Saved entries:
--------------------
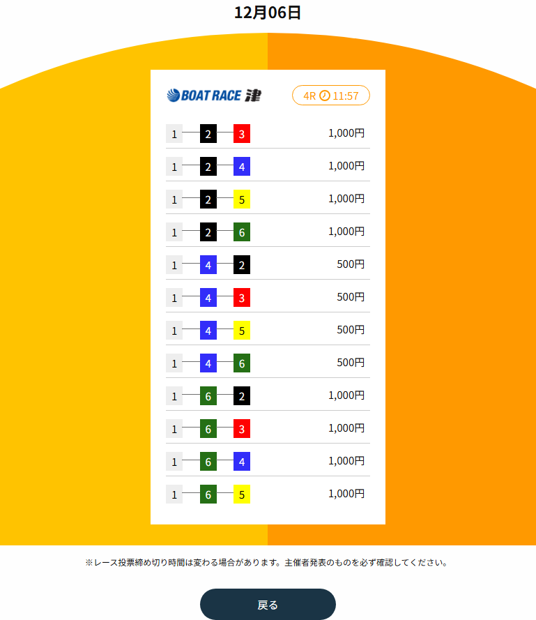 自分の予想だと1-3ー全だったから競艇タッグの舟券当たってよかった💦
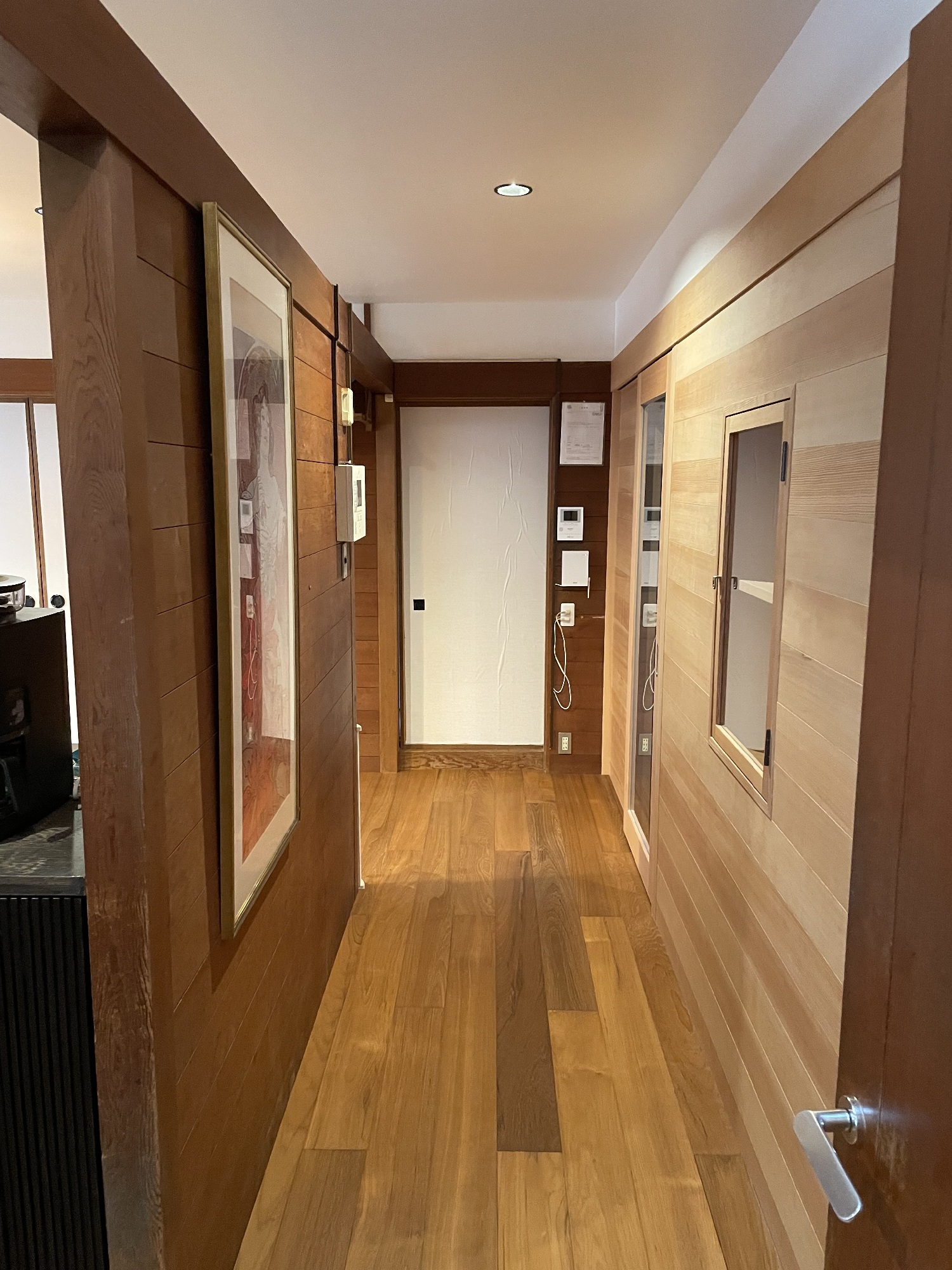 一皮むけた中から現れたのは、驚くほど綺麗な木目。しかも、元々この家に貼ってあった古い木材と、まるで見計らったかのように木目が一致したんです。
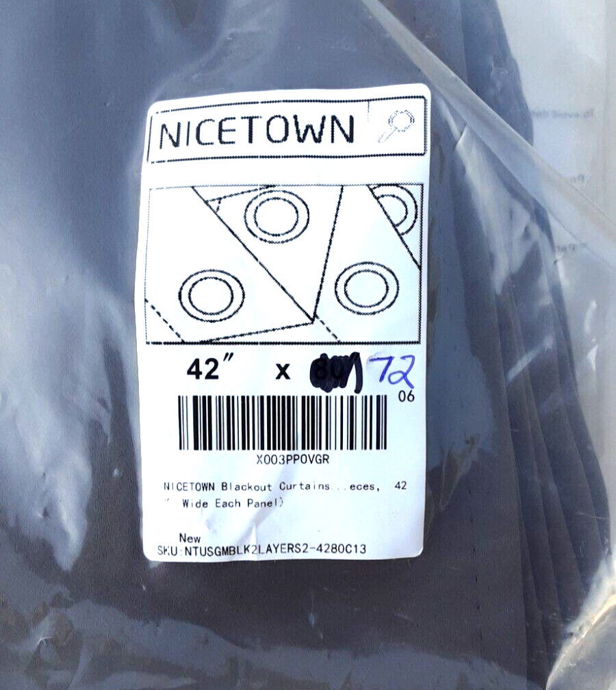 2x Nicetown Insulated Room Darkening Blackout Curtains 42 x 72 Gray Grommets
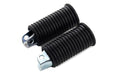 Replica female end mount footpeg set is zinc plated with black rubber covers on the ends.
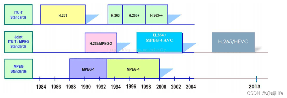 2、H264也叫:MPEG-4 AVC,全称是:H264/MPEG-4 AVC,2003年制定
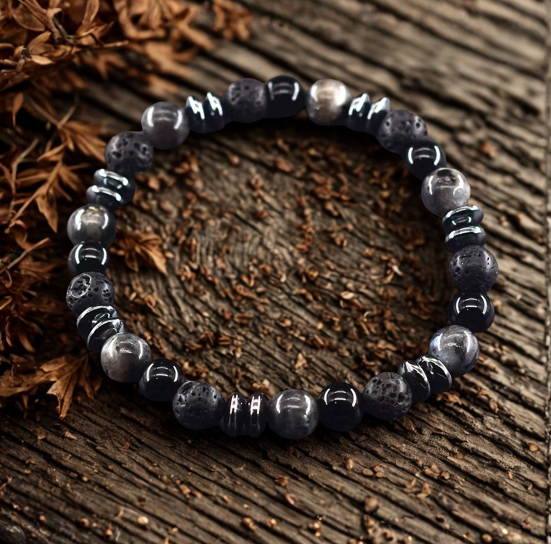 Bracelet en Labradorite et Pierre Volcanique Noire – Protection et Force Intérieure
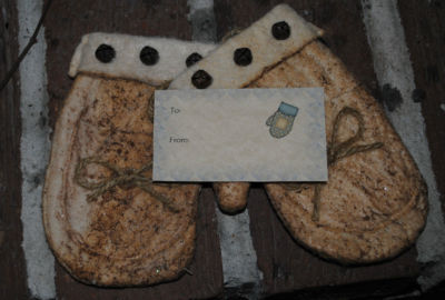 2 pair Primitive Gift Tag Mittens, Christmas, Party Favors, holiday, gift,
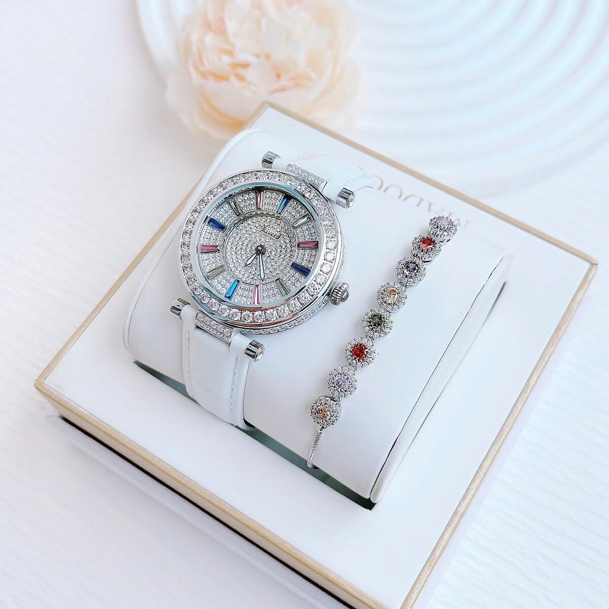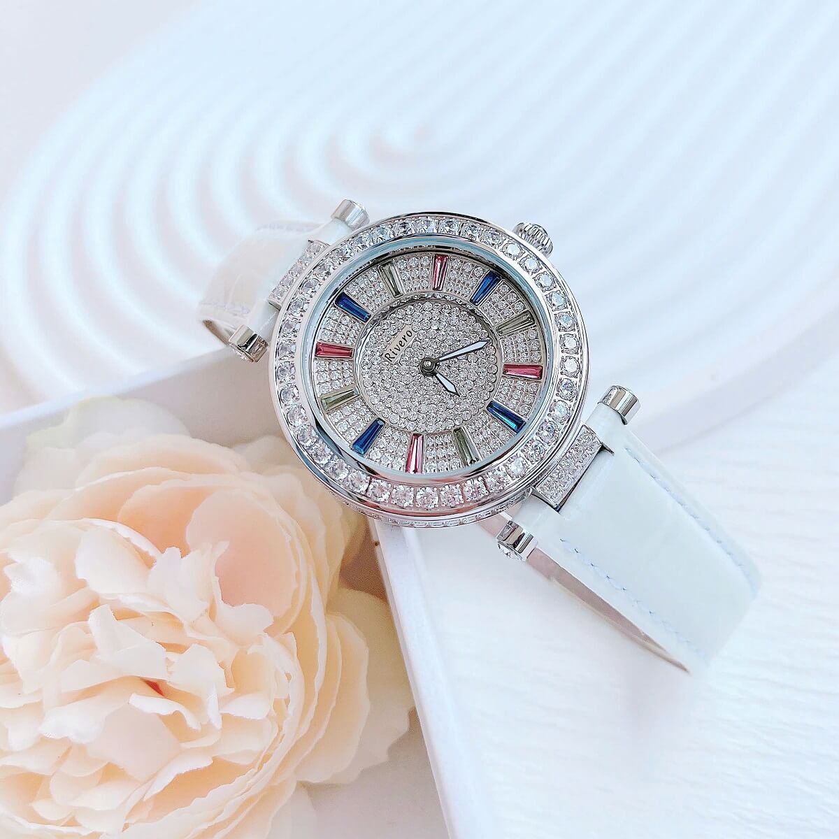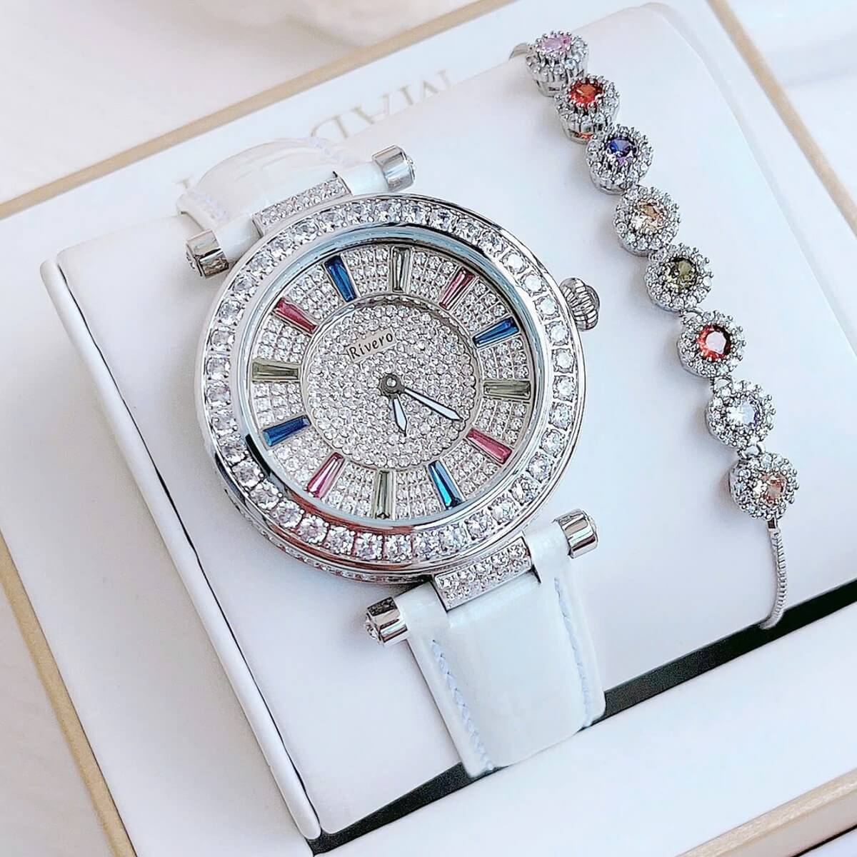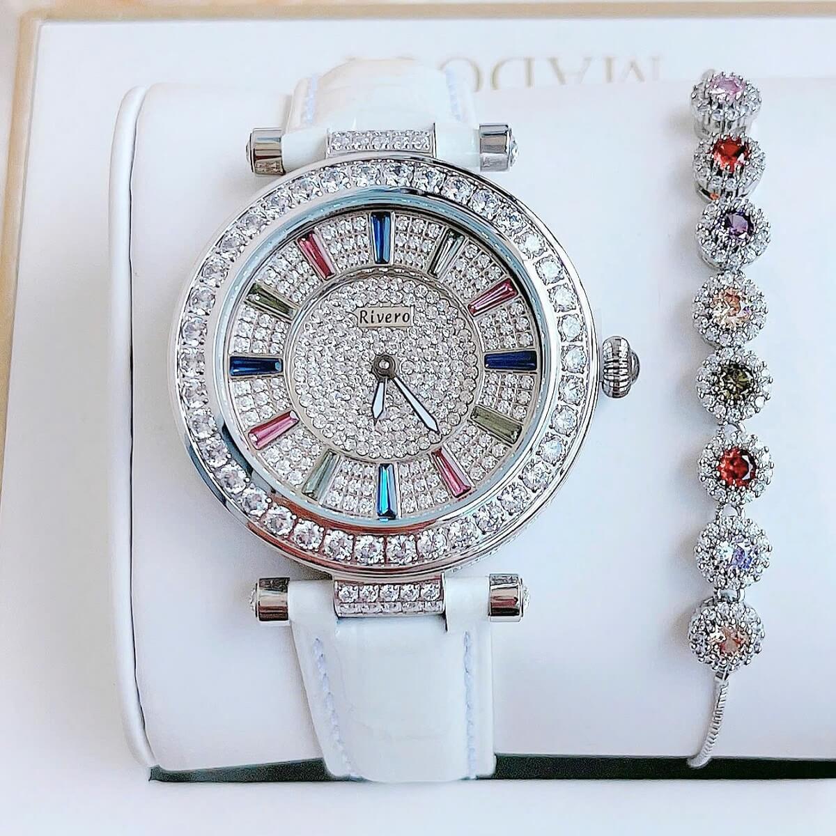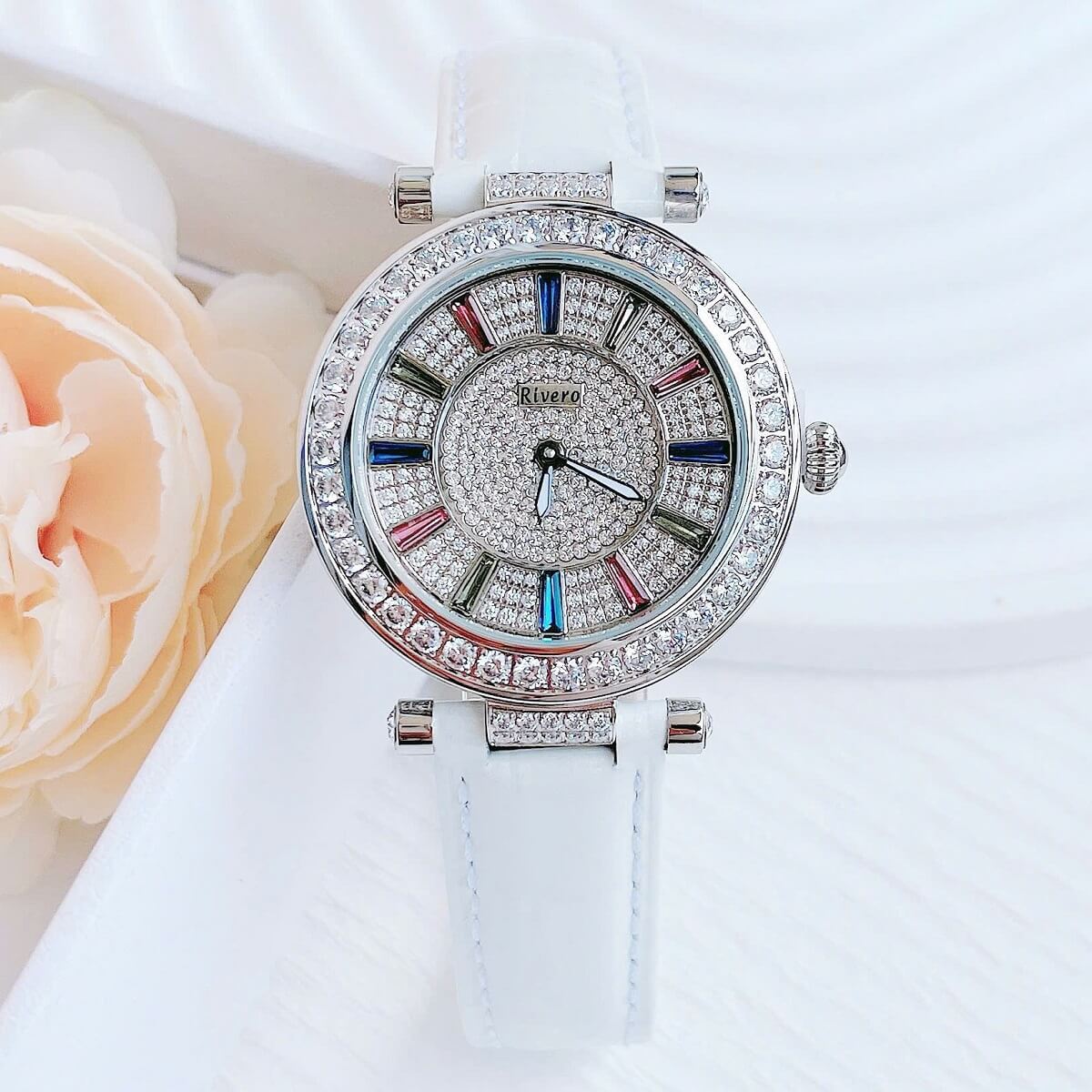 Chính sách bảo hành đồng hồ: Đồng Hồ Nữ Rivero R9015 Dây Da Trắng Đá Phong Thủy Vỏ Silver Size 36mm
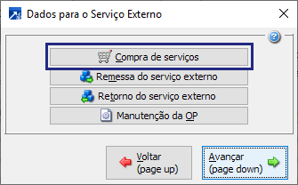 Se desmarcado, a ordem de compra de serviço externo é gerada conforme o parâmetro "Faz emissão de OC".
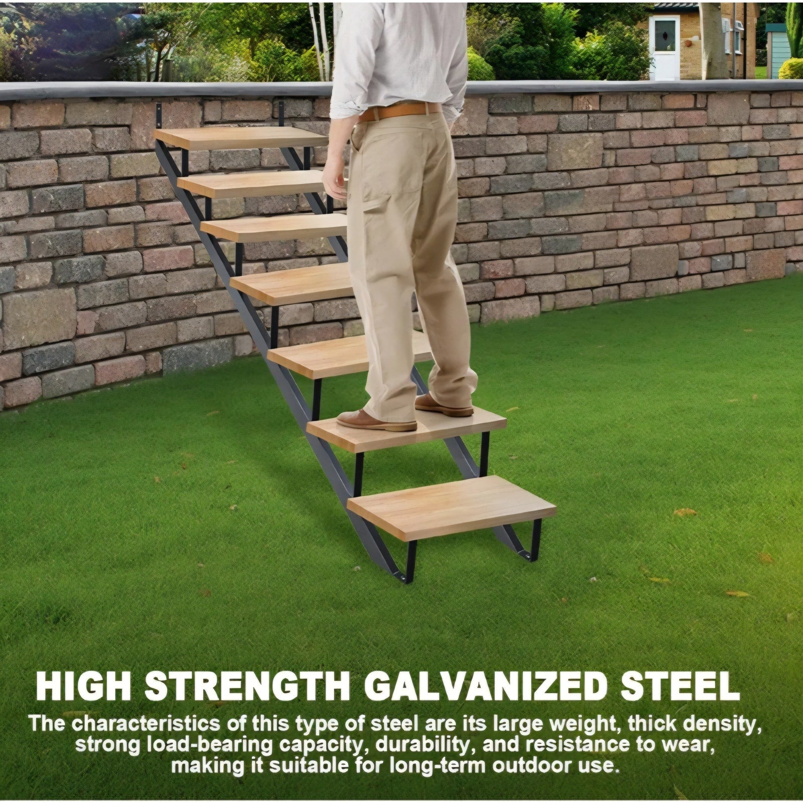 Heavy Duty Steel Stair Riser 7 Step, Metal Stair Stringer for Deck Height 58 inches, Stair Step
--------------------
Assigned task:
Leave out the pictures. Transcribe only the lines above, from the first through the one that contains "2 pair Primitive".

Output for this task:
 自分の予想だと1-3ー全だったから競艇タッグの舟券当たってよかった💦
 一皮むけた中から現れたのは、驚くほど綺麗な木目。しかも、元々この家に貼ってあった古い木材と、まるで見計らったかのように木目が一致したんです。
 2x Nicetown Insulated Room Darkening Blackout Curtains 42 x 72 Gray Grommets
 Replica female end mount footpeg set is zinc plated with black rubber covers on the ends.
 2、H264也叫:MPEG-4 AVC,全称是:H264/MPEG-4 AVC,2003年制定
 Bracelet en Labradorite et Pierre Volcanique Noire – Protection et Force Intérieure
 2 pair Primitive Gift Tag Mittens, Christmas, Party Favors, holiday, gift,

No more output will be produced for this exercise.